::: DATA TO USE :::
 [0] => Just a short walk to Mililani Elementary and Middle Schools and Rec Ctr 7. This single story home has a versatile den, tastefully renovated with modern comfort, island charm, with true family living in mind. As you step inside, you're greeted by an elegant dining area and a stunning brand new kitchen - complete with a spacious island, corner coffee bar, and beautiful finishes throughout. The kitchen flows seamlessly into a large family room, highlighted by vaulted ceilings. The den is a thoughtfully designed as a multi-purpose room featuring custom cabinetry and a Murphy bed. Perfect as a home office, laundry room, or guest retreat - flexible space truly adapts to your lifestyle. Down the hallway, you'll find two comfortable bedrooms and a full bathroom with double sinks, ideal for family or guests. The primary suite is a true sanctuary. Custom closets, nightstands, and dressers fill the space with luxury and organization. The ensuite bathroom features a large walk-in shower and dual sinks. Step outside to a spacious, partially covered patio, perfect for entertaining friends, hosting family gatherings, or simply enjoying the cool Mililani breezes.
:::
::: DATA TO USE :::
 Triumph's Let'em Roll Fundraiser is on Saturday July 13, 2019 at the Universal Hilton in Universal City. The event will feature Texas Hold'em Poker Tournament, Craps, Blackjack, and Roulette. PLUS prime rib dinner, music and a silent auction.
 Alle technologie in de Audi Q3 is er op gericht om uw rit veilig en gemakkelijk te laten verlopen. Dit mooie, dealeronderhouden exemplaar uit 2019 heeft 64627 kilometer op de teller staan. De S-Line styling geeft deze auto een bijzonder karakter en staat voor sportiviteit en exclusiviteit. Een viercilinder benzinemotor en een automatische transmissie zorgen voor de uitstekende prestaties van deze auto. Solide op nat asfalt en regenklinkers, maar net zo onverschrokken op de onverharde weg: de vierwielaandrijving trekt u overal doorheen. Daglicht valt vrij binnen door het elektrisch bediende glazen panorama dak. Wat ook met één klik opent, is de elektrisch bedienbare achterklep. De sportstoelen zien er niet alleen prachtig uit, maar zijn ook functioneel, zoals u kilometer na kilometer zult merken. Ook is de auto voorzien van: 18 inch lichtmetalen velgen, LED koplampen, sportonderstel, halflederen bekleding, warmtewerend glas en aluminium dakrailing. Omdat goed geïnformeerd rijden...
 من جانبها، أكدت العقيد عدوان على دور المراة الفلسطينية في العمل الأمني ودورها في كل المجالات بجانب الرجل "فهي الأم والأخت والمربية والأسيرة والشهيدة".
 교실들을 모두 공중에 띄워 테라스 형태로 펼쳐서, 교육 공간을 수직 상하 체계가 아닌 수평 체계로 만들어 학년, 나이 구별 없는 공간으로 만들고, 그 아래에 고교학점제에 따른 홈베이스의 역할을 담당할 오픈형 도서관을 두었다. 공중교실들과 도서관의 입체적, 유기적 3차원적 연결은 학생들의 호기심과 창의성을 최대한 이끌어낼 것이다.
:::
::: DATA TO USE :::
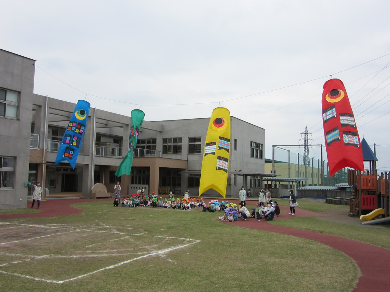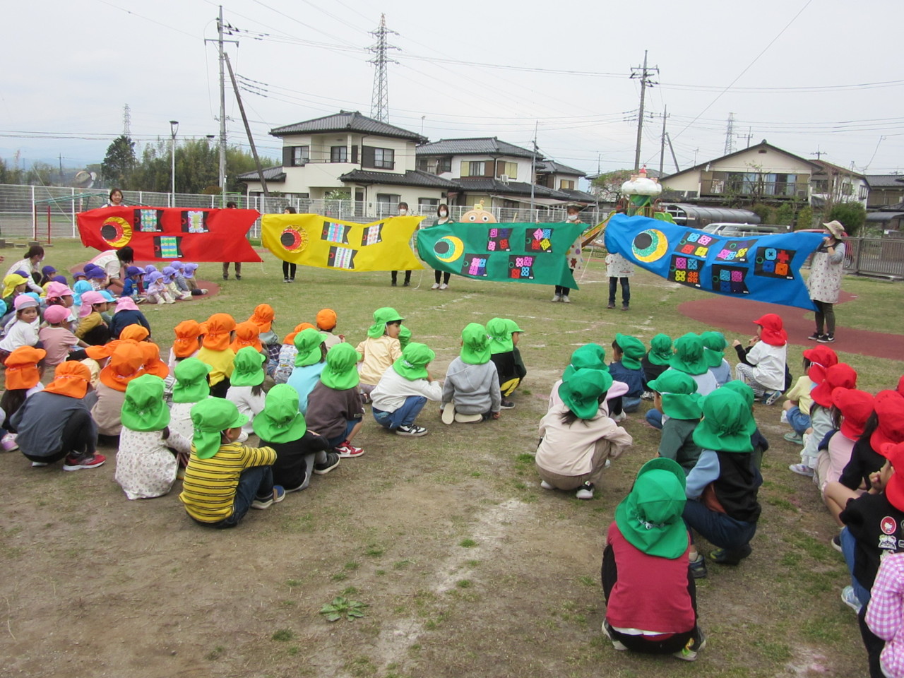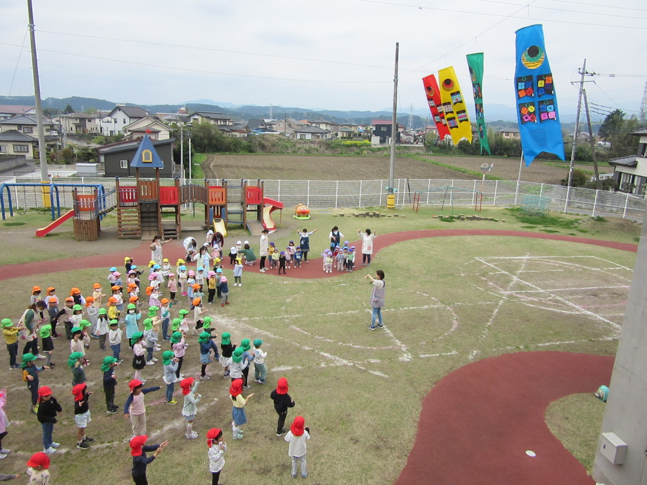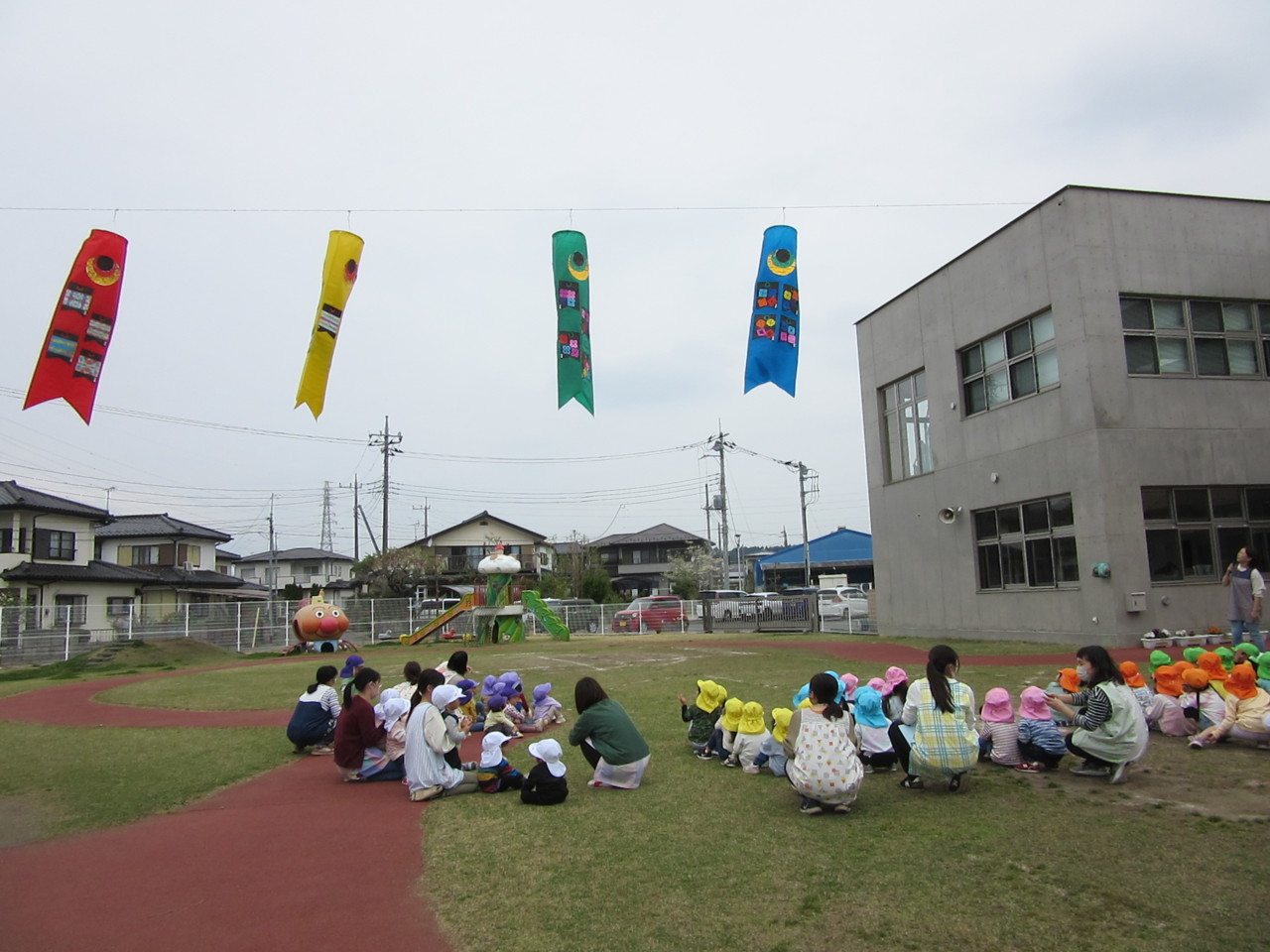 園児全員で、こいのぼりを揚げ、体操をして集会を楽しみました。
:::
● PROBLEM STATEMENT:
The lines above, starting at the one with "Alle technologie in" and ending at the one with "교실들을 모두 공중에", are the only ones to return, exactly as written.

● RESULT OF THIS TASK:
 Alle technologie in de Audi Q3 is er op gericht om uw rit veilig en gemakkelijk te laten verlopen. Dit mooie, dealeronderhouden exemplaar uit 2019 heeft 64627 kilometer op de teller staan. De S-Line styling geeft deze auto een bijzonder karakter en staat voor sportiviteit en exclusiviteit. Een viercilinder benzinemotor en een automatische transmissie zorgen voor de uitstekende prestaties van deze auto. Solide op nat asfalt en regenklinkers, maar net zo onverschrokken op de onverharde weg: de vierwielaandrijving trekt u overal doorheen. Daglicht valt vrij binnen door het elektrisch bediende glazen panorama dak. Wat ook met één klik opent, is de elektrisch bedienbare achterklep. De sportstoelen zien er niet alleen prachtig uit, maar zijn ook functioneel, zoals u kilometer na kilometer zult merken. Ook is de auto voorzien van: 18 inch lichtmetalen velgen, LED koplampen, sportonderstel, halflederen bekleding, warmtewerend glas en aluminium dakrailing. Omdat goed geïnformeerd rijden...
 من جانبها، أكدت العقيد عدوان على دور المراة الفلسطينية في العمل الأمني ودورها في كل المجالات بجانب الرجل "فهي الأم والأخت والمربية والأسيرة والشهيدة".
 교실들을 모두 공중에 띄워 테라스 형태로 펼쳐서, 교육 공간을 수직 상하 체계가 아닌 수평 체계로 만들어 학년, 나이 구별 없는 공간으로 만들고, 그 아래에 고교학점제에 따른 홈베이스의 역할을 담당할 오픈형 도서관을 두었다. 공중교실들과 도서관의 입체적, 유기적 3차원적 연결은 학생들의 호기심과 창의성을 최대한 이끌어낼 것이다.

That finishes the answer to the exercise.